• _Data supplied_
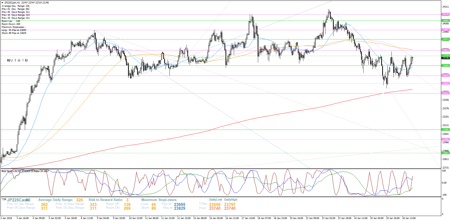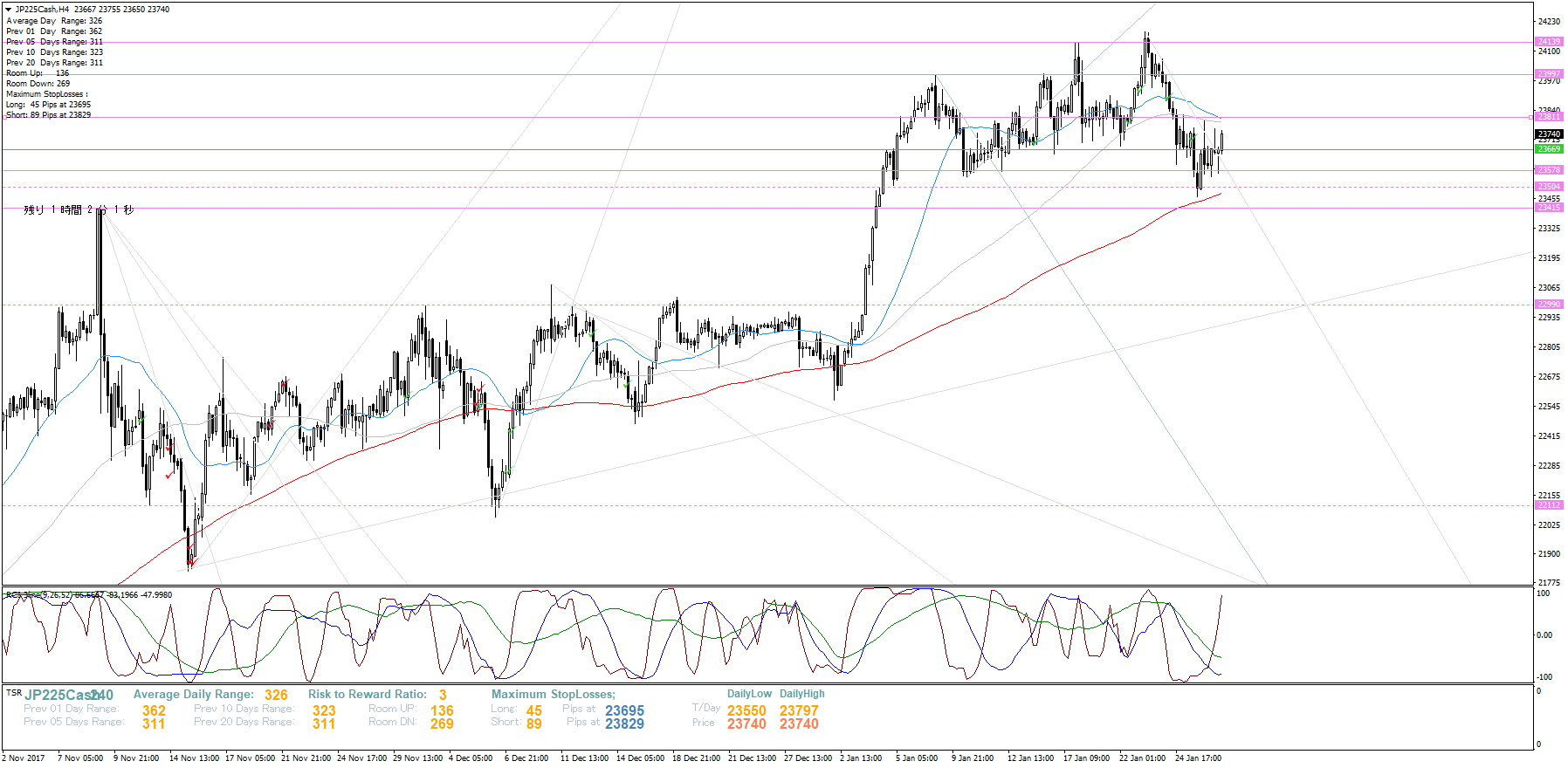 2018/1/22~23 日経225先物 夜間~日中チャート:日銀金融政策発表/ 2018年3月限 2018年1月23日 balenouser 未分類 日銀政策発表の前夜から東京は大雪になったが、相場はNY市場スタート後にレンジブレイクして、そのまま翌日寄り付きまで買いが続く展開に。寄り付き後も高値更新→押し目を付け一気に24100円まで上昇。 5分足 12時過ぎに金融政策が発表され(内容は現状維持)一気に75MAまで下落して、その後再び上昇して引けまで買い続けられ、直近高値24125円を抜けた。非常に荒い動きとなたが大口の損益分岐点を超えてることもありかなり恣意的な上げに感じた相場だった。(それはその後のナイトセッションからの下げで分かる) 1時間足。グリーンのチェックマークがブレイクしたポイント。綺麗にブレイクしているのがわかる。 4時間足 日足(画像は1月26日終了時点)
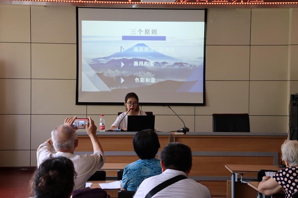 本次活动仍然是以“讲座+互动”的形式开展,由2019级本科生吕睿担任主讲人。首先是关于摄影的基本规则的讲解,吕睿分别介绍了“画面简洁、要素少”、“善用构图”、“色彩和谐”三个原则,并举出不同的照片作为例子,鼓励老人们可以试着现场拍照,将理论与实践相结合。
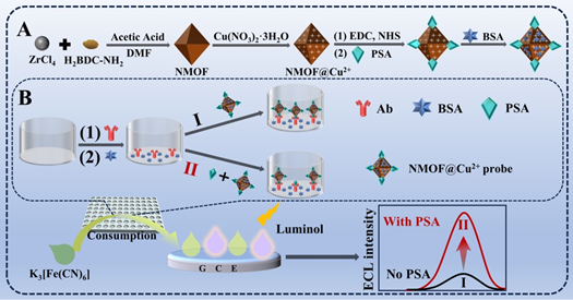 基于此,该课题组在前期共反应剂调控策略(ACS Appl. Mater. Interfaces, 2023, 15, 22959-22966; Biosens. Bioelectron., 2021, 171: 112729.)和劈裂式免疫分析方法(ACS Appl. Nano Mater., 2023, 6, 6496-6503;ACS Sens.,2025, 10, 196-203)研究的基础上,设计合成了铜离子掺杂的氨基-金属有机框架化合物(NMOF@Cu2+)作为共反应剂调控单元,利用其与共反应剂铁氰化钾(K3[Fe(CN)6])的反应,构建了灵敏检测PSA的竞争型ECL免疫传感器。在检测过程中,表面负载羧基的NMOF@Cu2+纳米探针与PSA偶联形成PSA-NMOF@Cu2+复合物。此外,NMOF@Cu2+纳米探针还可与ECL共反应剂K3[Fe(CN)6]发生反应生成铜铁普鲁士蓝(NMOF@CuFe-PBA)复合物。在免疫反应过程中,当PSA存在时,PSA将与PSA-NMOF@Cu2+复合物竞争抗体结合位点,造成复合物的固定量降低,从而减少共反应剂K3[Fe(CN)6]的消耗,使鲁米诺-K3[Fe(CN)6]体系的ECL信号升高,实现PSA的灵敏检测,检测原理示意图如下:
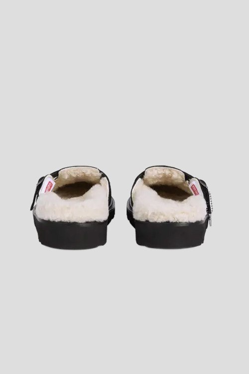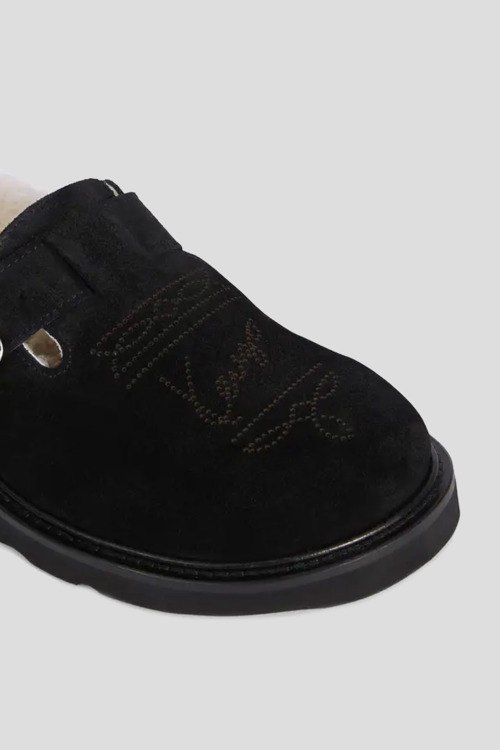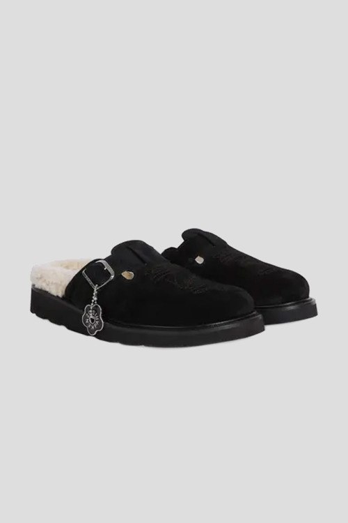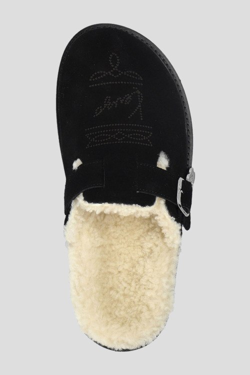 Женские черные замшевые мюли на меху Matto от Kenzo (Кензо). Модель с открытой пяткой, подвеска с логотипом, серебристая фурнитура, закругленный носок, внутри на меху
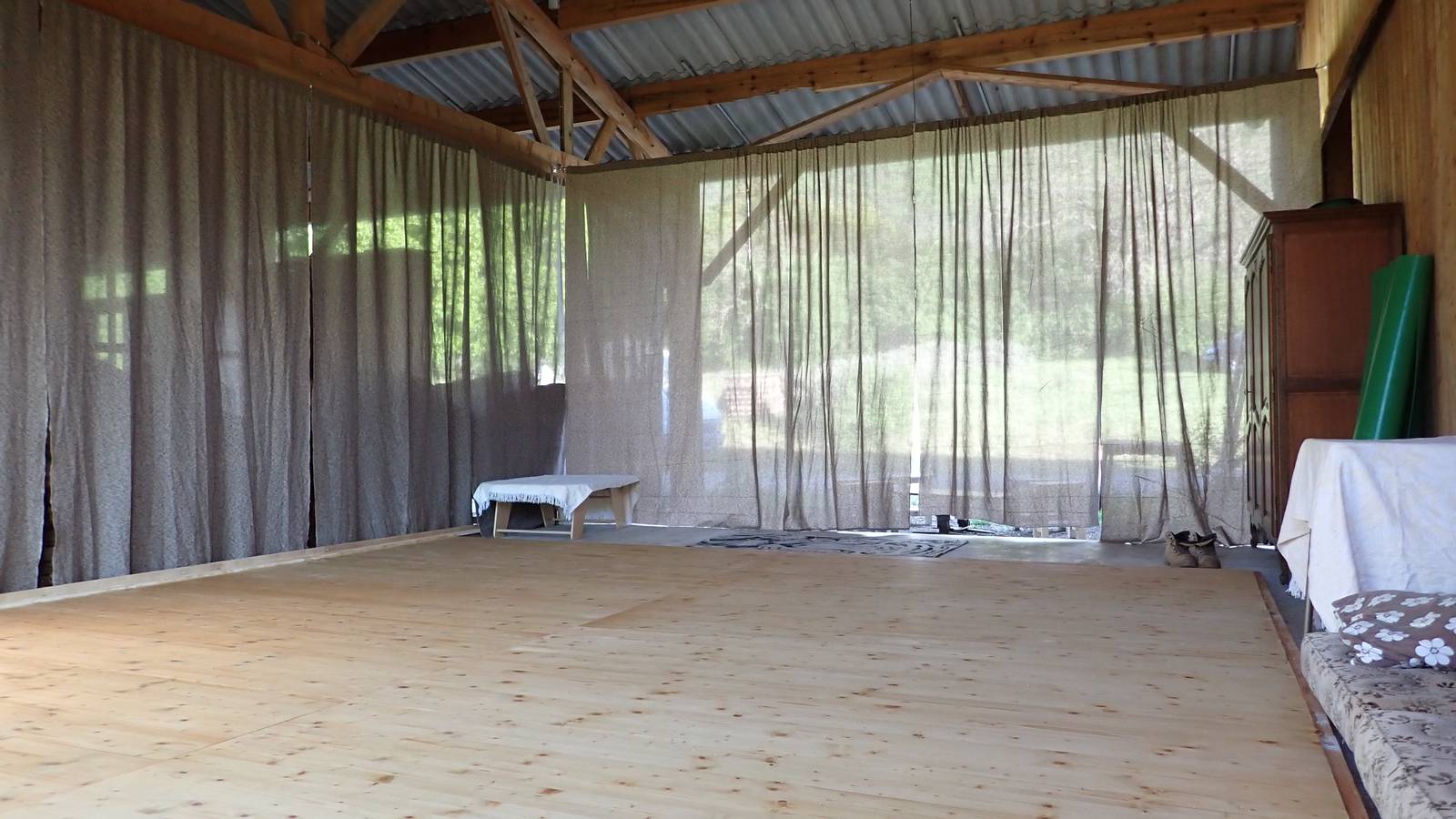 30 m2 idéal pour un stage, une rencontre, un lieu d'accueil d'une troupe artistique qui souhaite crere , s'exercer en danse , musique théatre... Les différents lieux d'hebergements sur la ferme (camping, gite , tinys) permettent d'envisager un séjour accessible pour différents types de budgets.

• _Your goal_
Your answer must be exactly the lines from the one containing "基于此,该课题组在前期共反应剂调控策略(ACS Appl. Mater." through the last line of the records above, both included, with every picture left out.

• _Solution to this task_
 基于此,该课题组在前期共反应剂调控策略(ACS Appl. Mater. Interfaces, 2023, 15, 22959-22966; Biosens. Bioelectron., 2021, 171: 112729.)和劈裂式免疫分析方法(ACS Appl. Nano Mater., 2023, 6, 6496-6503;ACS Sens.,2025, 10, 196-203)研究的基础上,设计合成了铜离子掺杂的氨基-金属有机框架化合物(NMOF@Cu2+)作为共反应剂调控单元,利用其与共反应剂铁氰化钾(K3[Fe(CN)6])的反应,构建了灵敏检测PSA的竞争型ECL免疫传感器。在检测过程中,表面负载羧基的NMOF@Cu2+纳米探针与PSA偶联形成PSA-NMOF@Cu2+复合物。此外,NMOF@Cu2+纳米探针还可与ECL共反应剂K3[Fe(CN)6]发生反应生成铜铁普鲁士蓝(NMOF@CuFe-PBA)复合物。在免疫反应过程中,当PSA存在时,PSA将与PSA-NMOF@Cu2+复合物竞争抗体结合位点,造成复合物的固定量降低,从而减少共反应剂K3[Fe(CN)6]的消耗,使鲁米诺-K3[Fe(CN)6]体系的ECL信号升高,实现PSA的灵敏检测,检测原理示意图如下:
 Женские черные замшевые мюли на меху Matto от Kenzo (Кензо). Модель с открытой пяткой, подвеска с логотипом, серебристая фурнитура, закругленный носок, внутри на меху
 30 m2 idéal pour un stage, une rencontre, un lieu d'accueil d'une troupe artistique qui souhaite crere , s'exercer en danse , musique théatre... Les différents lieux d'hebergements sur la ferme (camping, gite , tinys) permettent d'envisager un séjour accessible pour différents types de budgets.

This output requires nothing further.